THE PROBLEM
No pictures go into the copy. Write out every line below exactly.

INFORMATION PROVIDED
==================================================
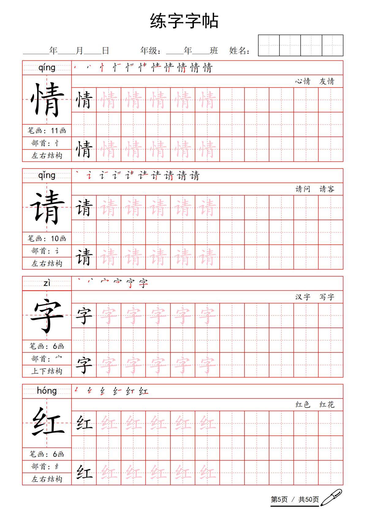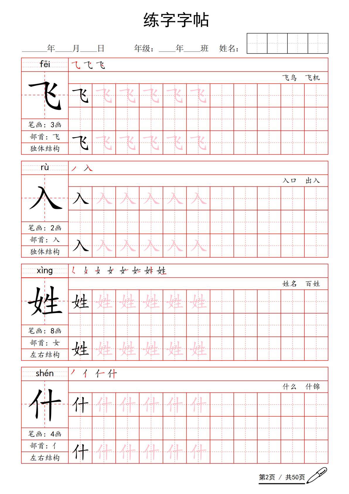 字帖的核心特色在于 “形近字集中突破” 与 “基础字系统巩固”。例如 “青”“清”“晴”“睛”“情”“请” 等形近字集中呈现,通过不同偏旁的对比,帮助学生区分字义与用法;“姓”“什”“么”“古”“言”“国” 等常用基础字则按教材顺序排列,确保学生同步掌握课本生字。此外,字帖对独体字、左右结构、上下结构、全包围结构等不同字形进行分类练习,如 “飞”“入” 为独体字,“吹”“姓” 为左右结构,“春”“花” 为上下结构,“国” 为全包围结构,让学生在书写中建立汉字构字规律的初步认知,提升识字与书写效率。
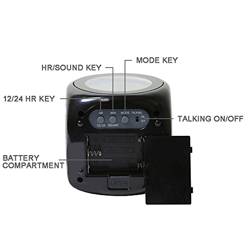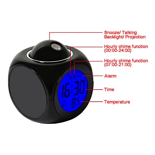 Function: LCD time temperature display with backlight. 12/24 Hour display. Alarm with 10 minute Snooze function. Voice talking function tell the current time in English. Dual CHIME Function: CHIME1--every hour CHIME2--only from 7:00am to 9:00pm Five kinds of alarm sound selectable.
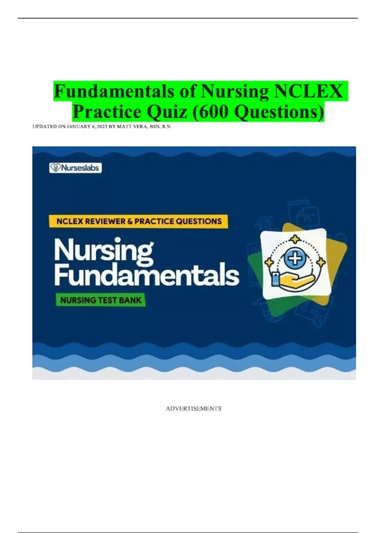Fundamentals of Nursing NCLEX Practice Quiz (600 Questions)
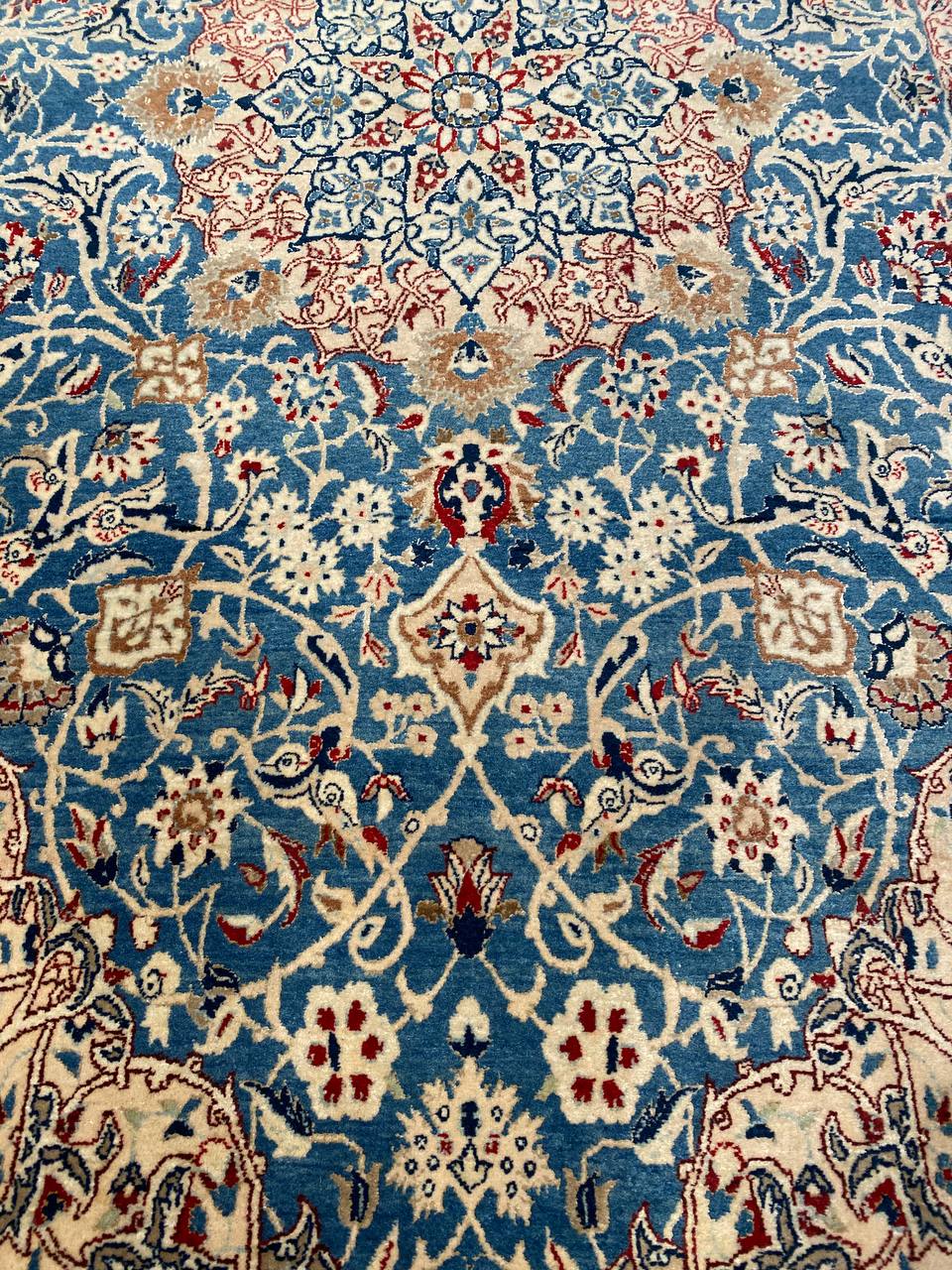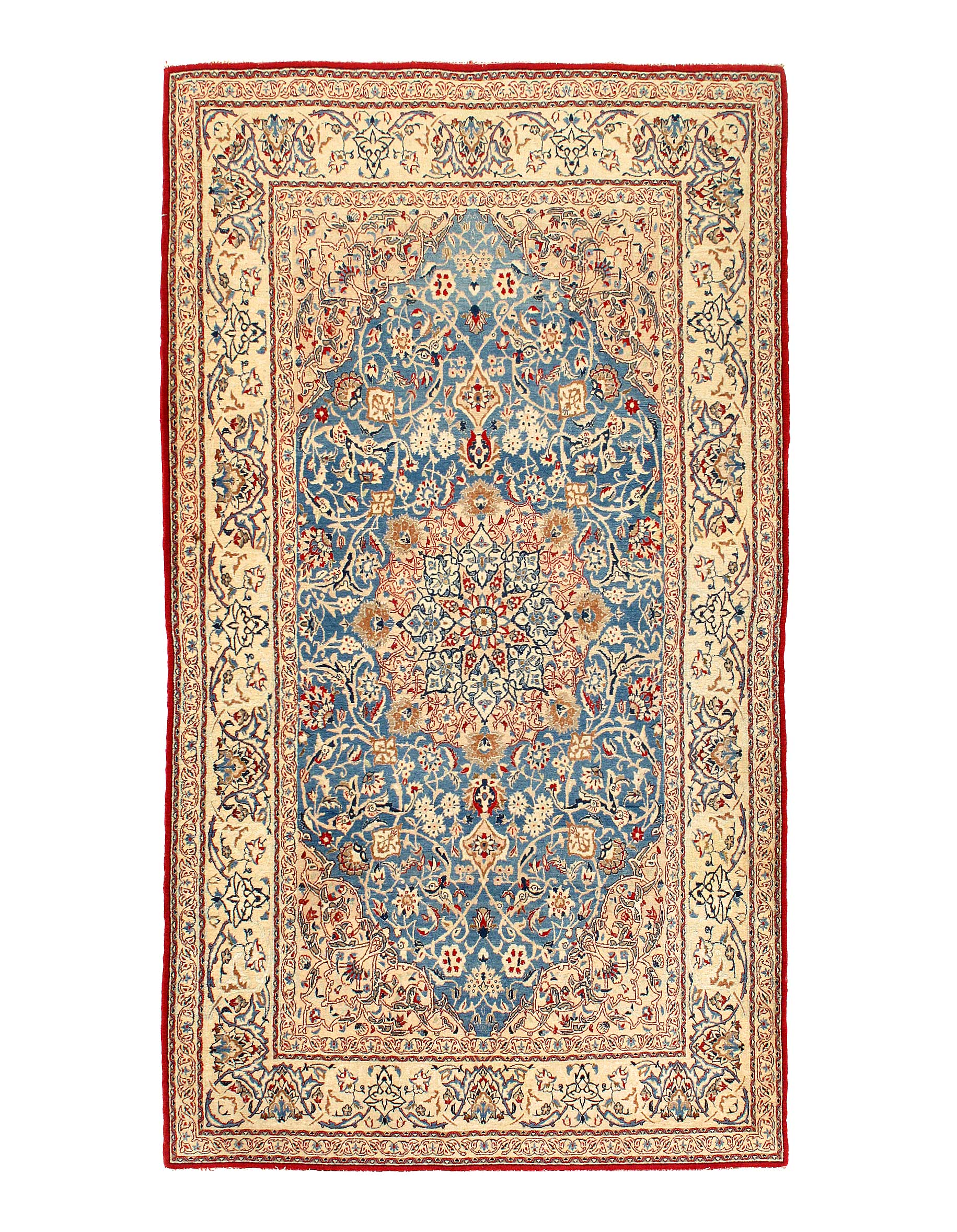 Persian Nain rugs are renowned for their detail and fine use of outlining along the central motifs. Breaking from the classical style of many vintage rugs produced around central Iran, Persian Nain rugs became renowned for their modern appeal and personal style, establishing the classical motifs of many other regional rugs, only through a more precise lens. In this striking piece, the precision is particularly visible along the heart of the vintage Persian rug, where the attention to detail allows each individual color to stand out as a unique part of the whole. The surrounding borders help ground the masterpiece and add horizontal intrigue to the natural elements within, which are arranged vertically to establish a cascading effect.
==================================================
TASK RESULT
 字帖的核心特色在于 “形近字集中突破” 与 “基础字系统巩固”。例如 “青”“清”“晴”“睛”“情”“请” 等形近字集中呈现,通过不同偏旁的对比,帮助学生区分字义与用法;“姓”“什”“么”“古”“言”“国” 等常用基础字则按教材顺序排列,确保学生同步掌握课本生字。此外,字帖对独体字、左右结构、上下结构、全包围结构等不同字形进行分类练习,如 “飞”“入” 为独体字,“吹”“姓” 为左右结构,“春”“花” 为上下结构,“国” 为全包围结构,让学生在书写中建立汉字构字规律的初步认知,提升识字与书写效率。
 Function: LCD time temperature display with backlight. 12/24 Hour display. Alarm with 10 minute Snooze function. Voice talking function tell the current time in English. Dual CHIME Function: CHIME1--every hour CHIME2--only from 7:00am to 9:00pm Five kinds of alarm sound selectable.
Fundamentals of Nursing NCLEX Practice Quiz (600 Questions)
 Persian Nain rugs are renowned for their detail and fine use of outlining along the central motifs. Breaking from the classical style of many vintage rugs produced around central Iran, Persian Nain rugs became renowned for their modern appeal and personal style, establishing the classical motifs of many other regional rugs, only through a more precise lens. In this striking piece, the precision is particularly visible along the heart of the vintage Persian rug, where the attention to detail allows each individual color to stand out as a unique part of the whole. The surrounding borders help ground the masterpiece and add horizontal intrigue to the natural elements within, which are arranged vertically to establish a cascading effect.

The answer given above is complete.